AIM OF THE TASK
Quote the lines of the data below verbatim, beginning at the line that contains "- - 실시간 감시에서" and ending at the last line, both included, and excluding pictures.
##### INFORMATION SUPPLIED
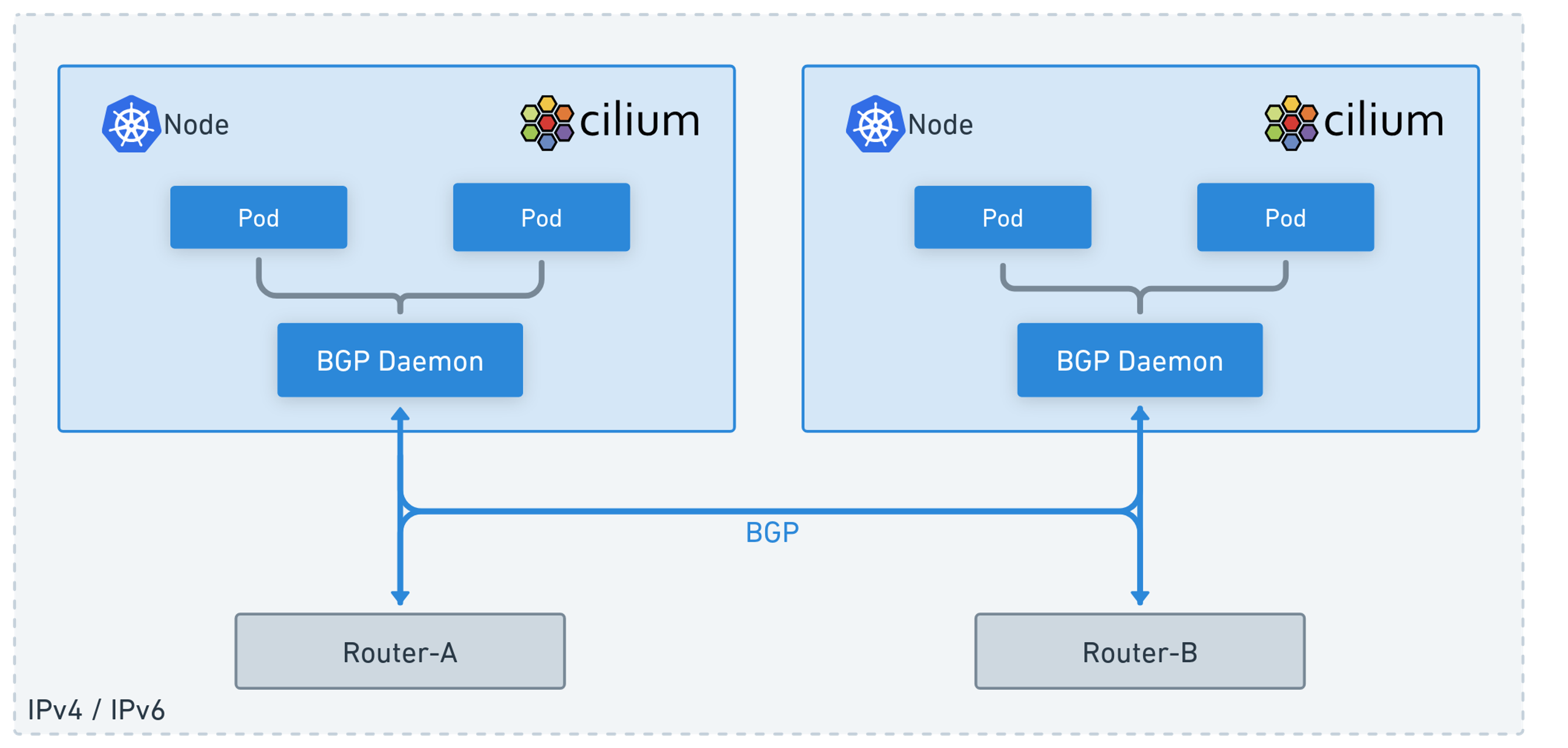 이러한 경우 Cilium에서 BGP Control Plane을 활용하여 외부 라우터와 BGP 연동을 할 수 있습니다.
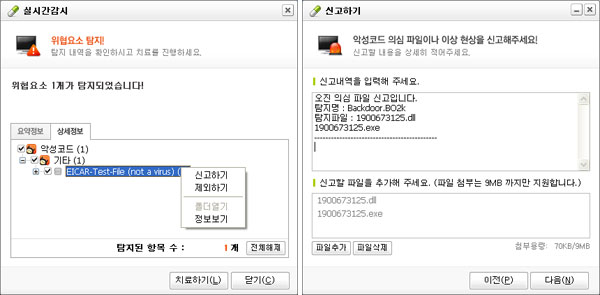 - - 실시간 감시에서 탐지된 악성코드를 이스트소프트 긴급대응센터와 분석센터로 신고하실 수 있습니다.
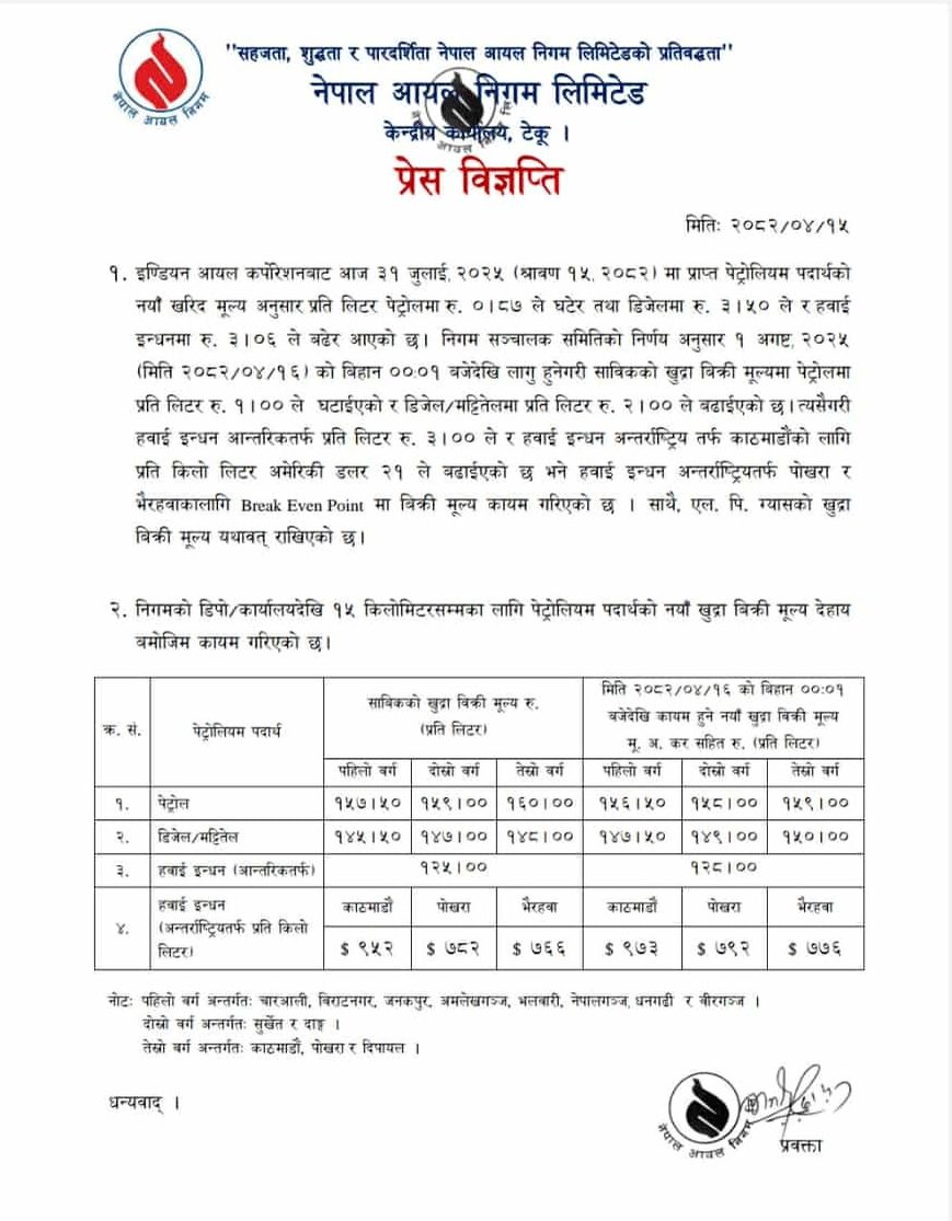 नेपाल आयल निगमले पेट्रोलको मूल्य घटाएको छ भने डिजेल र मट्टीतेलको मूल्य बढाएको छ ।
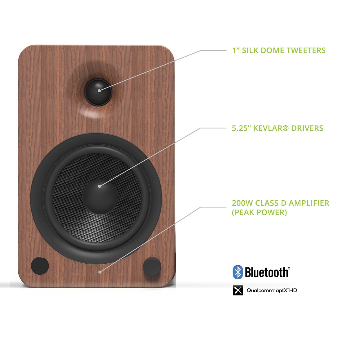 Undeniably LoudSatisfy your craving for powerful full-impact sound with YU6. Armed with a formidable Class D amplifier pumping out 200W peak power YU6 will have you questioning what it really means to be loud. Its 5.25 Kevlar drivers and 1 silk dome tweeters inject detailed sound into every square inch of living space evoking emotions that can only be expressed with an ear-to-ear grin. A built-in phono preamp makes it easy to spin your favorite tunes while Bluetooth connectivity lets you keep the party going from the palm of your hand.
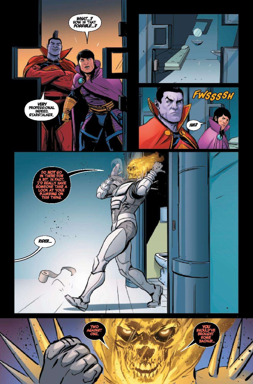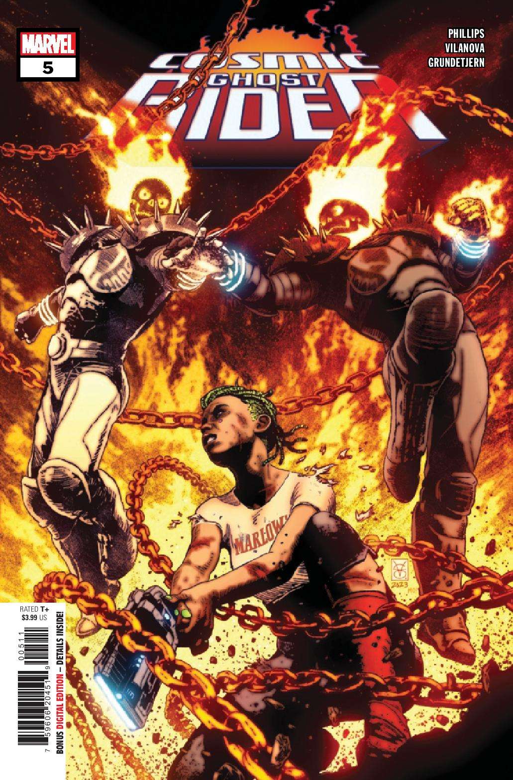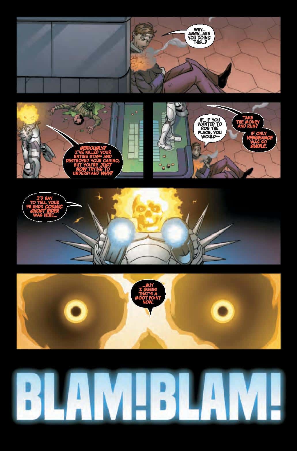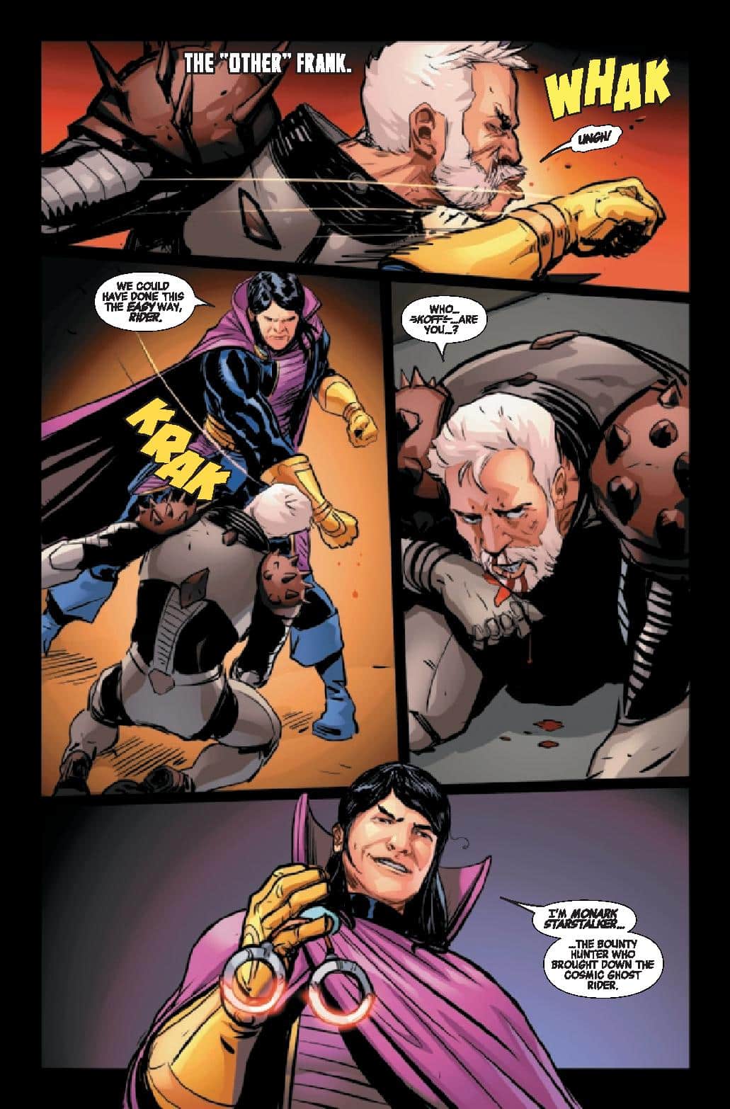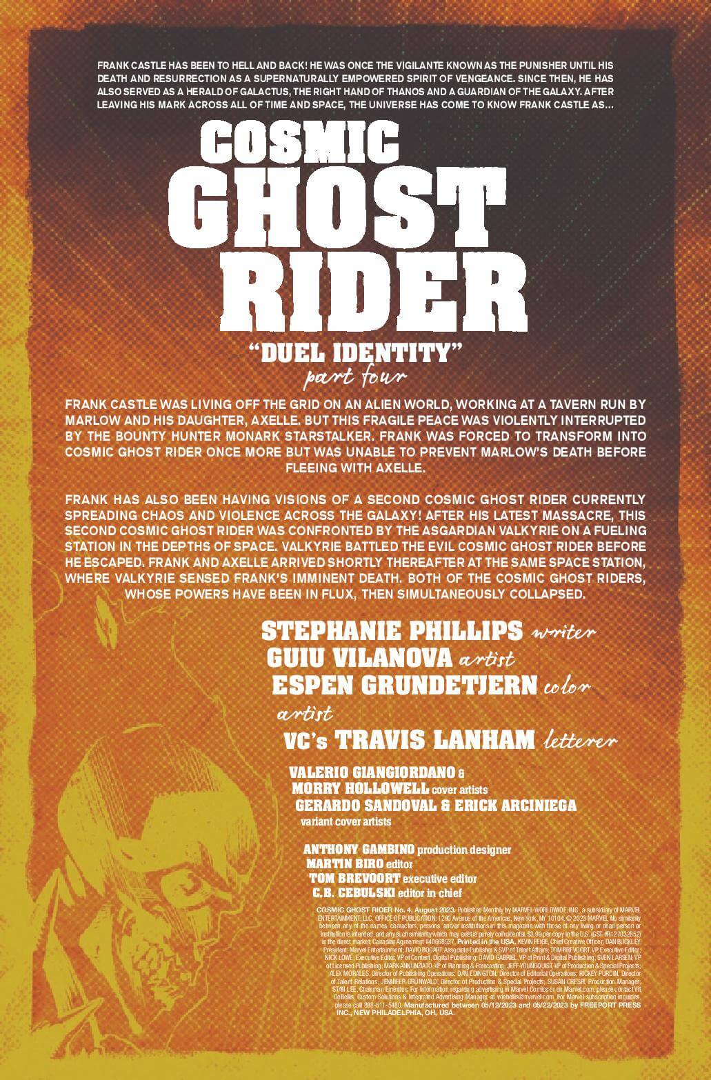 In a far-flung corner of deep space, Frank Castle has eked out a quiet existence, his days as Cosmic Ghost Rider finally behind him. But, that peace is threatened as another being calling himself Cosmic Ghost Rider is leaving a pile of bodies in his wake.
##########
THE ANSWER
 - - 실시간 감시에서 탐지된 악성코드를 이스트소프트 긴급대응센터와 분석센터로 신고하실 수 있습니다.
 नेपाल आयल निगमले पेट्रोलको मूल्य घटाएको छ भने डिजेल र मट्टीतेलको मूल्य बढाएको छ ।
 Undeniably LoudSatisfy your craving for powerful full-impact sound with YU6. Armed with a formidable Class D amplifier pumping out 200W peak power YU6 will have you questioning what it really means to be loud. Its 5.25 Kevlar drivers and 1 silk dome tweeters inject detailed sound into every square inch of living space evoking emotions that can only be expressed with an ear-to-ear grin. A built-in phono preamp makes it easy to spin your favorite tunes while Bluetooth connectivity lets you keep the party going from the palm of your hand.
 In a far-flung corner of deep space, Frank Castle has eked out a quiet existence, his days as Cosmic Ghost Rider finally behind him. But, that peace is threatened as another being calling himself Cosmic Ghost Rider is leaving a pile of bodies in his wake.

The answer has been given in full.